Microglial process convergence analysis

The fluorescently immunolabeled slides were imaged on the Keyence BZ-X800 microscope (Keyence Corporation of America, Itasca, IL, USA) at 40X magnification. One section was analyzed for each case by an investigator blinded to group. A navigation super-image was generated using the far-red channel in which the APP + injured axonal swellings could be visualized. APP + axonal swellings were differentiated from APP within the neuronal soma by the intensity of the axonal swelling, which were more intense than somatic APP labeling, by the absence of DAPI within APP + axonal swellings, and by the difference in size between the axonal swelling and neuronal soma. Images containing at least 1 APP + injured axonal swellings were captured or no APP + swellings but clean MBP labeling were captured. Fewer MBP only images were captured, as there were several analyzable MBP + intact myelinated fibers in each captured image, whereas there were few analyzable APP + axonal swellings in each captured image. At least 25 images were taken for most cases, however, only 13 images were captured for 1 case as no APP + swellings were identified. Across all samples a total of 161 MBP + intact axonal segments from controls, 36 MBP + intact axonal segments from injured samples, 105 injured axonal swellings from controls, and 173 injured axonal swellings from injured samples were analyzed for the current study. Fiji Image J software (National Institute of Health, Bethesda, MD, USA) was used to evaluate the 2D images. Image scales were set to 5.3 pixels/um.
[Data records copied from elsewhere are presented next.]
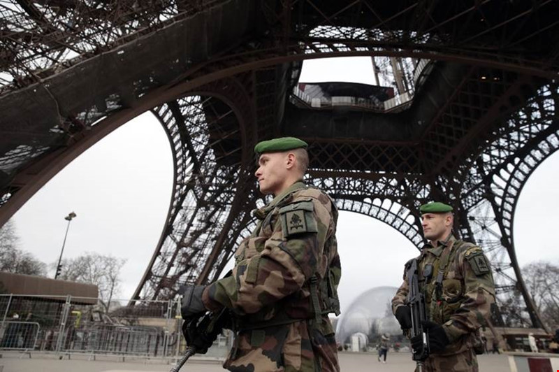 Binh sĩ tuần tra tại Paris sau khi xảy ra vụ khủng bố báo Charlie Hebdo năm 2015. (Ảnh: AFP)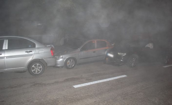 Tekirdağ’ın Malkara ilçesinde yoğun siste kontrolden çıkan bir otomobil park halindeki araçlara çarptı.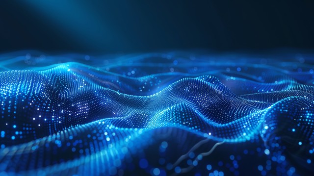 带有蓝色线条和波浪的抽象数字背景,在黑色背景上创造出运动和深度的错觉。 该设计以技术风格象征着与技术
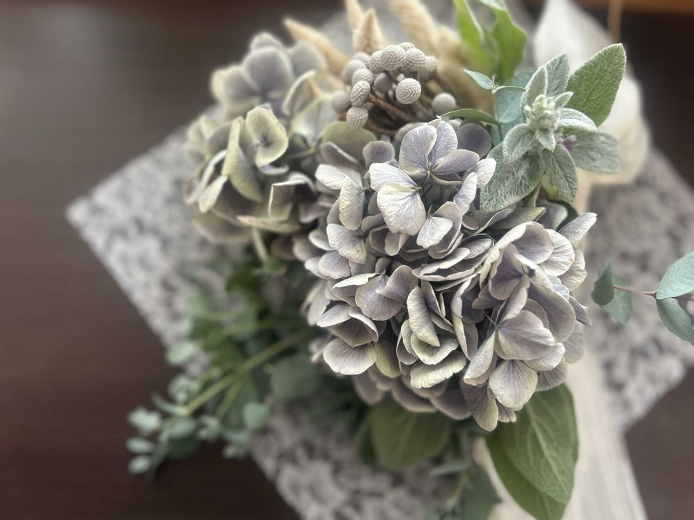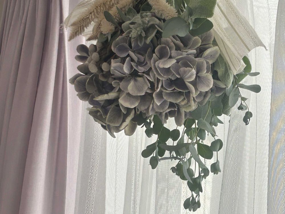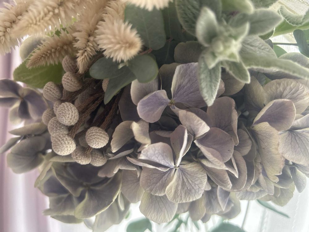 涼しいお部屋で収穫した紫陽花と溜置きしたお庭ドライフラワーにラムズイヤー、ユーカリを足してスワッグ作り🌿🌿🌿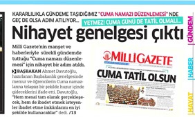 Milli Gazete, Müslüman toplumun gönlüne su serpecek bir öneride bulunarak memurlar için Cuma namazı izninin yetmeyeceğini Cuma gününün tümden tatil olması gerektiğini savundu.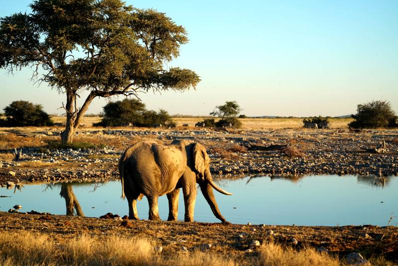 纳米比亚大象过马路 车辆静候

To assess the interaction between microglia and injured axonal swellings, the APP + axonal swelling was traced using the freehand tool and measured for perimeter, area, shape descriptors (aspect ratio, circularity, round, solidity), integrated density, and mean grey value. The number of microglial processes and puncta that were directly touching the APP + axonal swelling was counted by hand. A microglial puncta was counted if the Iba-1 stain was bright and consisted of a cluster of at least 4 pixels. Then, the region encircling the APP + axonal swelling was enlarged by 5 um and the microglial processes and puncta within the enlarged region was counted by hand.
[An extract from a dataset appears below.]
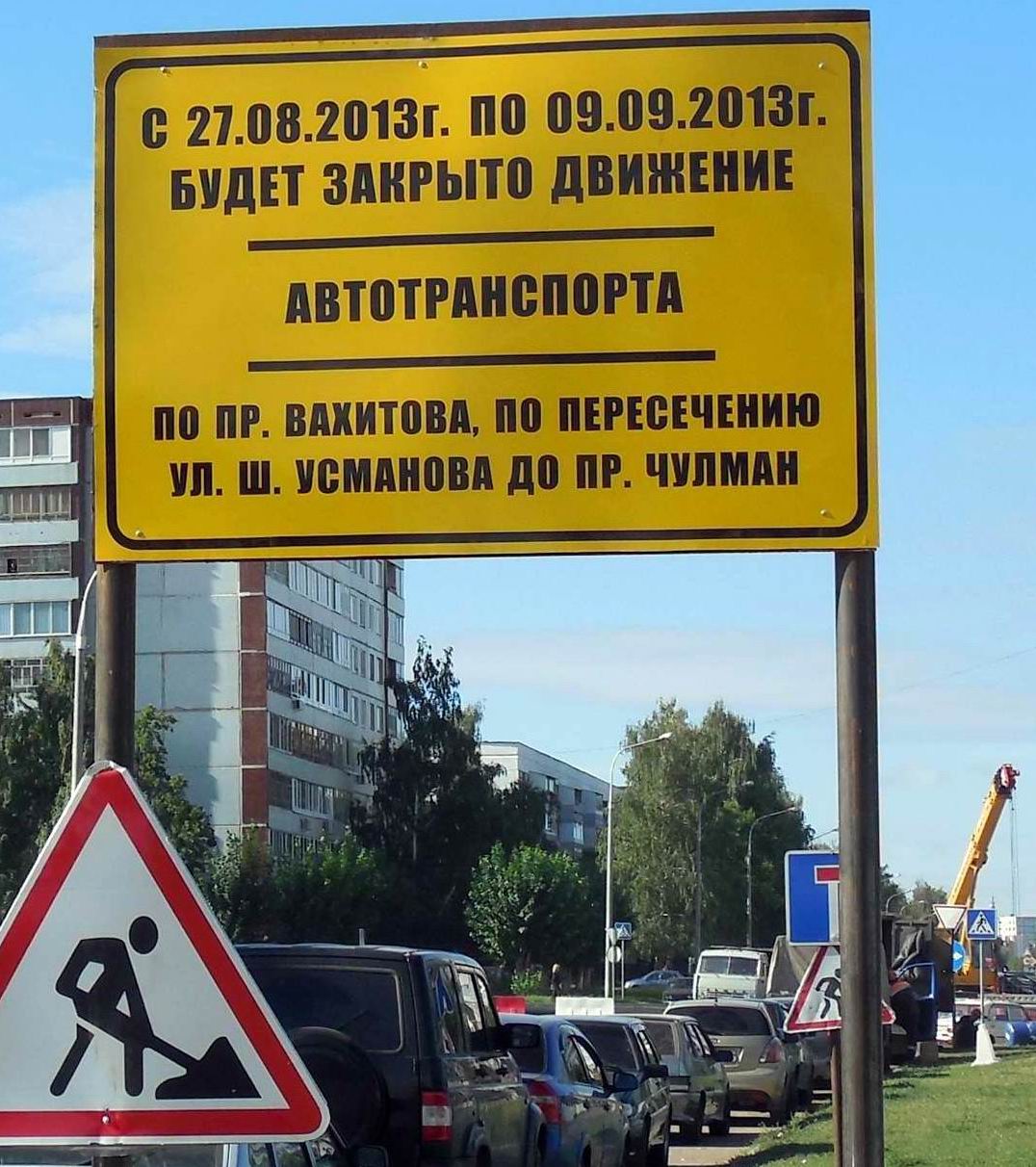 Как мы уже писали, в Набережных Челнах в связи с ремонтом теплотрассы предприятием теплосетей наполовину перекрыли проспект Вахитова у пересечения с улицей Шамиля Усманова. Водители, представшие перед фактом, возмущались, что на подъезде к этому участку не было предупреждающих знаков и щитов с информацией. Сегодня на полосе движения (от проспекта Чулман до улицы Усманова) ремонтные работы заканчиваются, ее скоро откроют. Ремонтники готовятся перекрыть вторую полосу (от улицы Усманова до проспекта Чулман). Очевидно, критика ими была учтена, на улице Усманова появился щит, на котором сообщается: "С 27.08.2013 г. по 09.09.2013 г. будет закрыто движение автотранспорта по пр. Вахитова по пересечению ул. Ш. Усманова до пр. Чулман". А на подъезде к этому участку установлены соответствующие дорожные знаки "Тупик" и "Дорожные работы". Заблаговременно выбирайте пути объезда.

In order to visualize the interaction between microglia and intact axonal segments, a random number generator was used to generate x,y coordinates to choose a MBP + axonal segment on the image. The axonal segment was traced with the freehand tool and measured for perimeter, area, shape descriptors (aspect ratio, circularity, roundness, and solidity), integrated density, and mean grey value. The number of microglial processes and puncta that were directly touching the MBP + intact axonal segment was counted by eye. Then, the region encircling the axonal segment was enlarged by 5um and the number of microglial processes and puncta within the enlarged region were counted by eye.

Statistical analysis

The statistics were run using IBM SPSS software (IBM Corp., Armonk, NY). A Shapiro–Wilk test was conducted to test for normality of the data. As the data was not normally distributed, a Mann–Whitney U test was used to test differences between all APP + injured axonal swellings and all MBP + intact axonal segments. A Kruskal–Wallis test was run to assess differences across multiple groups. A Bonferroni post hoc was used to correct for multiple pairwise comparisons. Statistical significance was set to a p value of < 0.05. Data is presented as means and standard error of the mean. All raw data is included in Supplemental table 1.